The role of fluid injection on the occurrence and migration path for the aftershocks of 2004 Sumatra earthquake (Mw 9.3) and January 2005 Andaman earthquake swarm within the aftershock sequence is investigated here from the viewpoint of pore fluid diffusion process. The Sumatra earthquake created a regionally extensive crustal rupture plane exceeding 1,200 km length below the Andaman Sea. The r–t plots (Shapiro et al. 1997 ) are constructed for these aftershocks in order to examine the role of poroelastic effects as rupturing progressed with time. Their main results are as follows: the r–t plot corresponding to first 3 h of aftershock activity (when only 44 events of mb ≥ 4.5 originated) reveals that 95% of the data points occurred below the modelled parabola with relatively high D value of 20 m 2 /s, whereas a significantly low D value of 3.5 m 2 /s characterises the aftershock activity for the first 24 h (when 420 events of mb ≥ 4.0 occurred). Here, the Coulomb stress was transferred from the main shock with a rapid imposition of normal stress, thus inducing the pore-pressure change that started diminishing almost immediately by fluid diffusion, at a rate, defined by the diminishing D value. The modelling results for fault seismicity at far off distances from the main epicentre are interpreted here as potential indicators for large-scale sub-seabed rupturing—consequent to stress changes induced by bending of the Indian Ocean plate. Bathymetric slopes under the Andaman subduction zone are particularly amenable to sub-marine slides where crustal E–W hinge faults inferred seismically cut across the N–S trending regional thrust and strike-slip faults. Seabed rupturing appears to allow deep-slab hydration in these areas, producing pressure gradients along the normal faults. These features are important since they can herald marine geohazards in the Andaman region.

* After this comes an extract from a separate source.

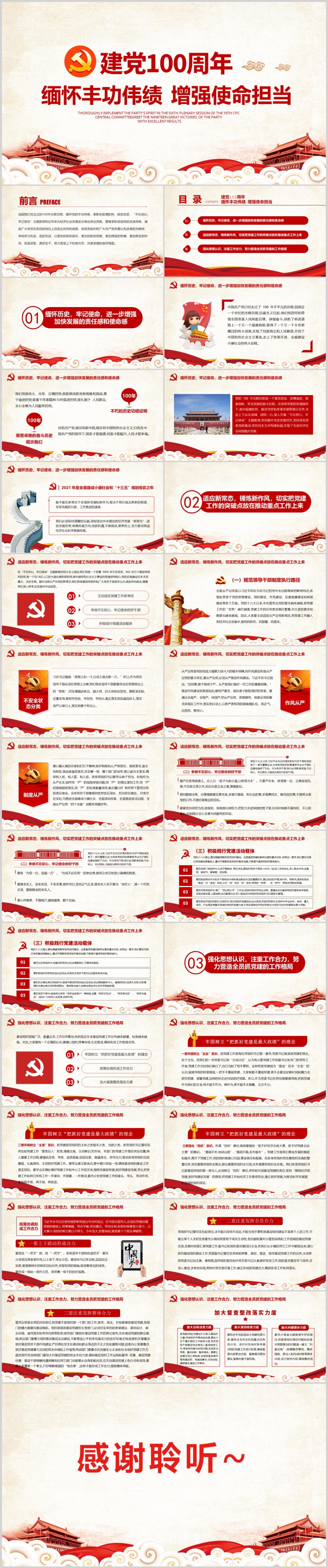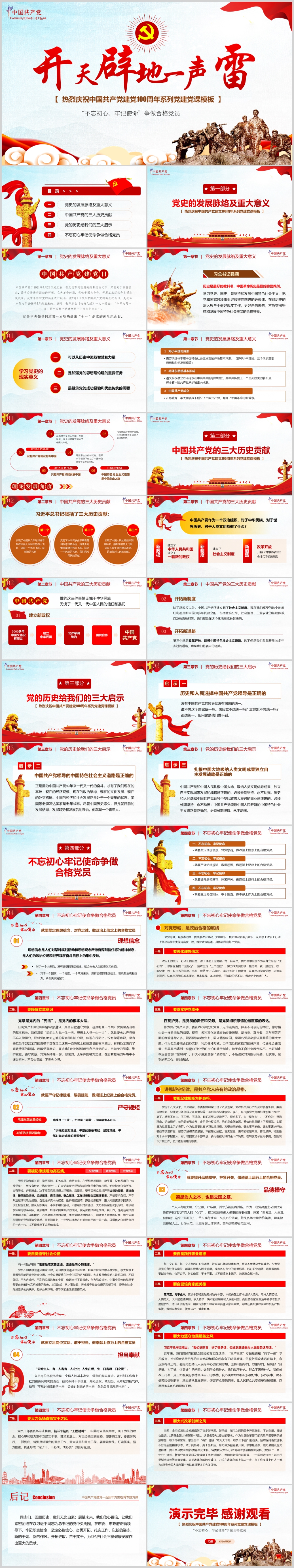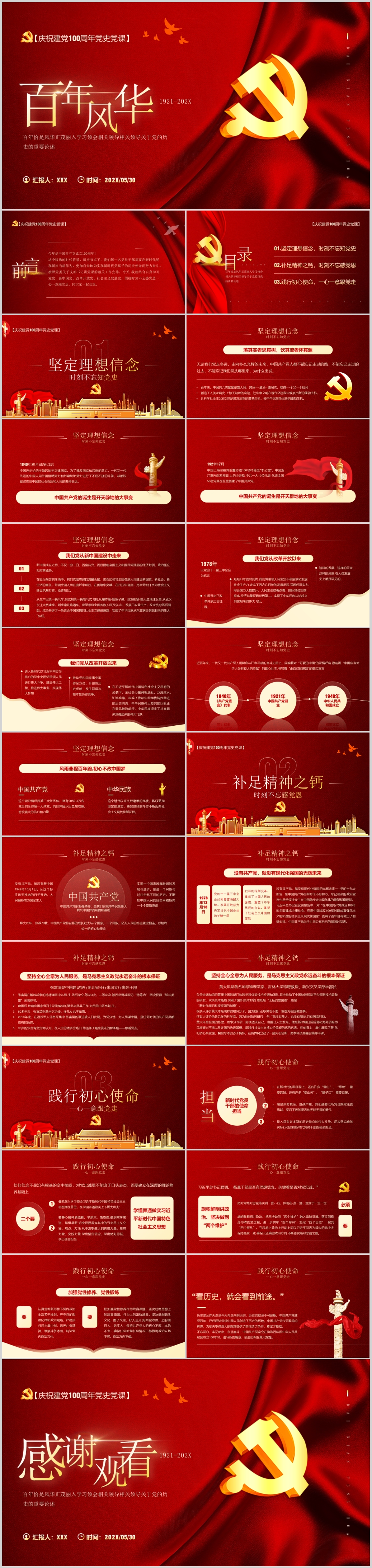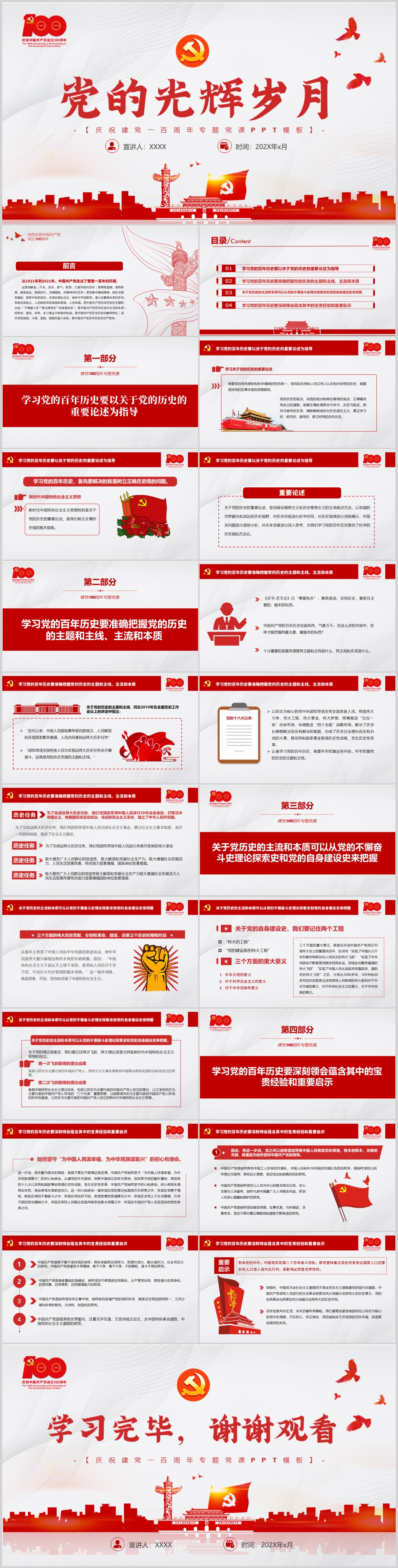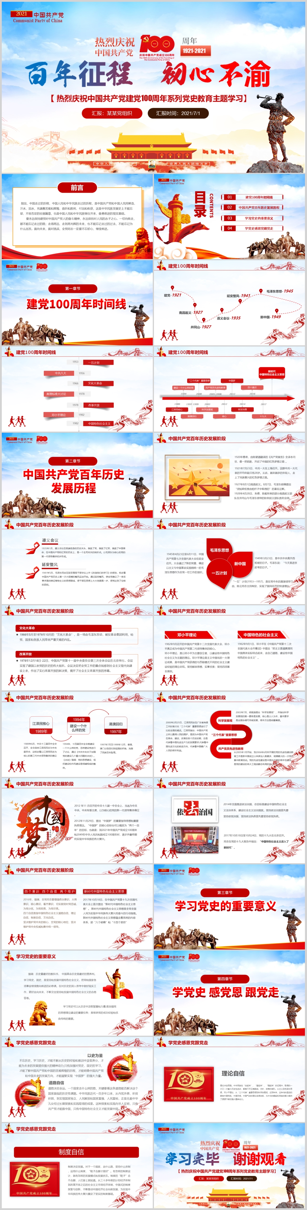 2021建党百年党史党建党课党政辉煌历程党史教育主题ppt模板(内含WORD演讲稿)

Copyright Springer Science+Business Media B.V. 2011

Suggested Citation

  • Basab Mukhopadhyay & Sujit Dasgupta & M. Fnais & Manoj Mukhopadhyay, 2011. "Modelling the pore fluid diffusion process in aftershock initiation for 2004 Sumatra earthquake: implications for marine geohazard estimation in the Andaman region," Natural Hazards: Journal of the International Society for the Prevention and Mitigation of Natural Hazards, Springer;International Society for the Prevention and Mitigation of Natural Hazards, vol. 57(1), pages 39-49, April.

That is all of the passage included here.